=== What the exercise asks ===
The records below are to be copied exactly, with every picture left out.

Data records below:

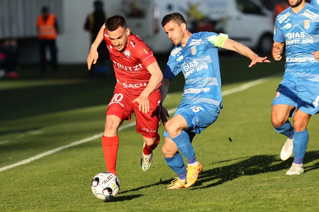 Andrei Tircoveanu si Cornel Dinu isi disputa posesia balonului in timpul partidei dintre Chindia Targoviste si FC Botosani, partida disputata in etapa a cincea din play-out-ul Ligii 1 de fotbal, vineri, 15 aprilie 2022, la Ploiesti. GEORGE FLUSTER / MEDIAFAX FOTO
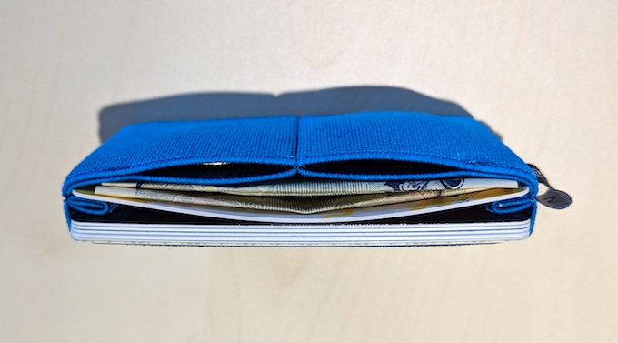 使い方もシンプル。本体がゴムのような素材になっていて、そこにカードと、カードサイズに折りたたんだお札を挟む仕様になっています。コインは横のポケットに詰め込む形です。
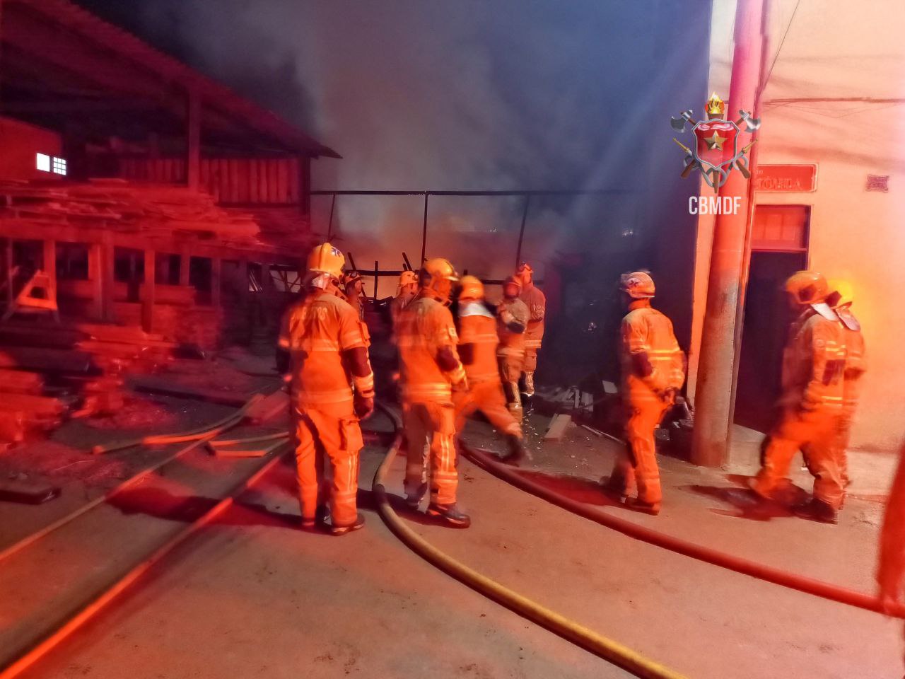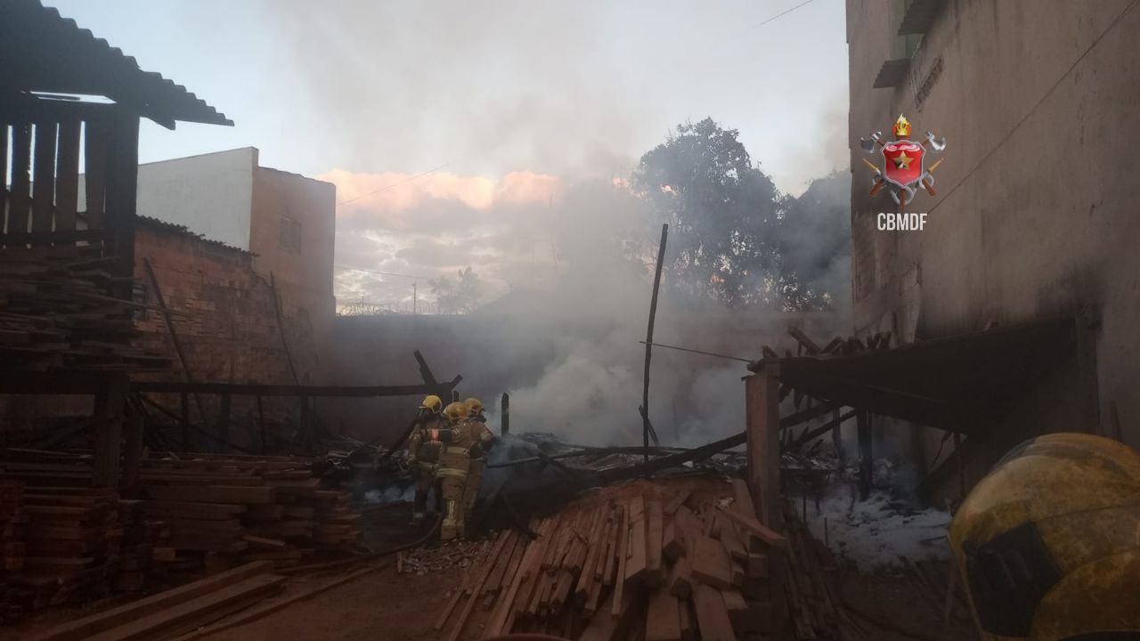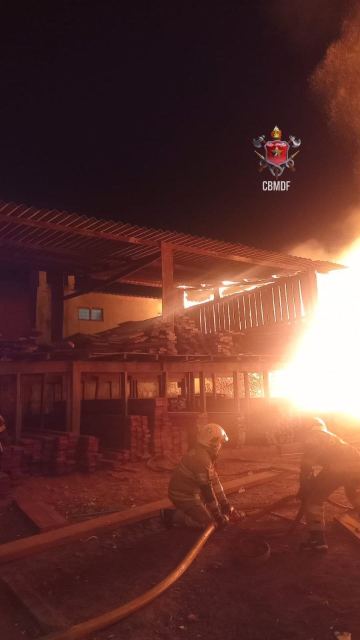 O Corpo de Bombeiros Militar do Distrito Federal (CBMDF) atendeu essa ocorrência às 04h35, em um deposito de madeiras com uma área de aproximadamente 100 m², cercada por edificações.
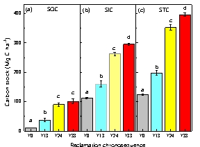 随耕作年限增加,土壤有机碳库和无机碳库均显著增加
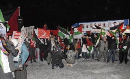 İsrail takımının yoğun güvenlik önlemleri giriş yaptığı salonun uzağında tutulan kalabalık, ellerindeki Türk ve Filistin bayraklarıyla 'İnsanlığın kurtulması için kahrolsun İsrail', 'Bebek katili olduğu için kahrolsun İsrail', 'Filistin için kahrolsun İsrail', '9 şehit için kahrolsun İsrail', 'Ümmedin iftiharı Furkan Doğan için kahrolsun İsrail', şeklinde sloganlar attı.
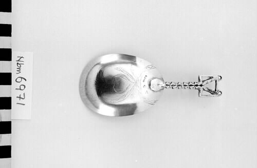 Päronformat blad, insidan förgylld, päronformad dekor samt bård runt kanten i svisselerad teknik. Baksidan har päronformad dekor samt halvcirkelformad bård ovanför, allt svisselerat. Snott skaft som delar sig i toppen och omges av en fyrkant. Två ringar har suttit i de översta hörnen på fyrkanten, men de saknas. Stämplar: C(?)5-Luleå stadsstämpel-tre kronor-IF.
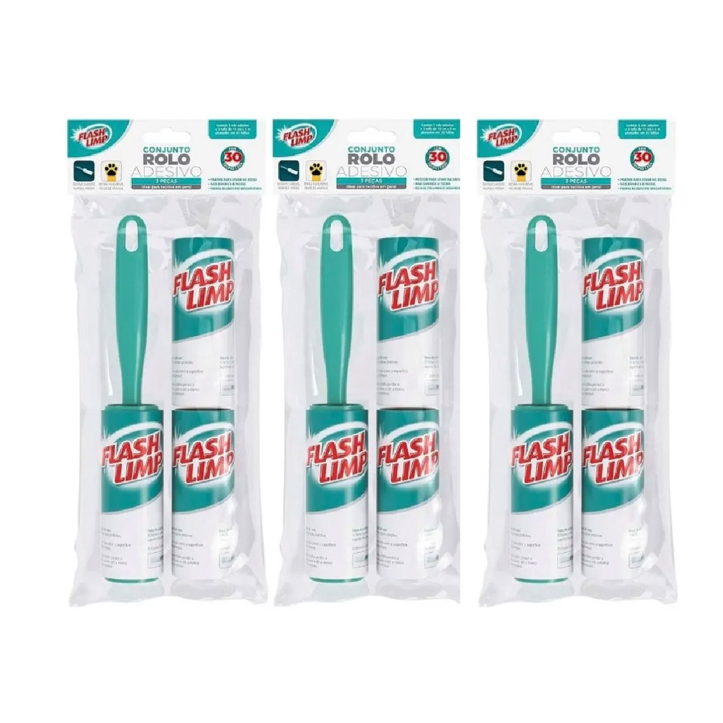 Kit 3 Rolo Adesivo Tira Pelos + 6 Refil - Flash Limp
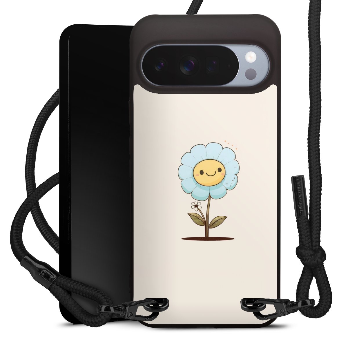 Pure Black: Handyhülle, Stoffband und Metalldetails in stylischem Mattschwarz.

End of Data records.

=== Finished task ===
 Andrei Tircoveanu si Cornel Dinu isi disputa posesia balonului in timpul partidei dintre Chindia Targoviste si FC Botosani, partida disputata in etapa a cincea din play-out-ul Ligii 1 de fotbal, vineri, 15 aprilie 2022, la Ploiesti. GEORGE FLUSTER / MEDIAFAX FOTO
 使い方もシンプル。本体がゴムのような素材になっていて、そこにカードと、カードサイズに折りたたんだお札を挟む仕様になっています。コインは横のポケットに詰め込む形です。
 O Corpo de Bombeiros Militar do Distrito Federal (CBMDF) atendeu essa ocorrência às 04h35, em um deposito de madeiras com uma área de aproximadamente 100 m², cercada por edificações.
 随耕作年限增加,土壤有机碳库和无机碳库均显著增加
 İsrail takımının yoğun güvenlik önlemleri giriş yaptığı salonun uzağında tutulan kalabalık, ellerindeki Türk ve Filistin bayraklarıyla 'İnsanlığın kurtulması için kahrolsun İsrail', 'Bebek katili olduğu için kahrolsun İsrail', 'Filistin için kahrolsun İsrail', '9 şehit için kahrolsun İsrail', 'Ümmedin iftiharı Furkan Doğan için kahrolsun İsrail', şeklinde sloganlar attı.
 Päronformat blad, insidan förgylld, päronformad dekor samt bård runt kanten i svisselerad teknik. Baksidan har päronformad dekor samt halvcirkelformad bård ovanför, allt svisselerat. Snott skaft som delar sig i toppen och omges av en fyrkant. Två ringar har suttit i de översta hörnen på fyrkanten, men de saknas. Stämplar: C(?)5-Luleå stadsstämpel-tre kronor-IF.
 Kit 3 Rolo Adesivo Tira Pelos + 6 Refil - Flash Limp
 Pure Black: Handyhülle, Stoffband und Metalldetails in stylischem Mattschwarz.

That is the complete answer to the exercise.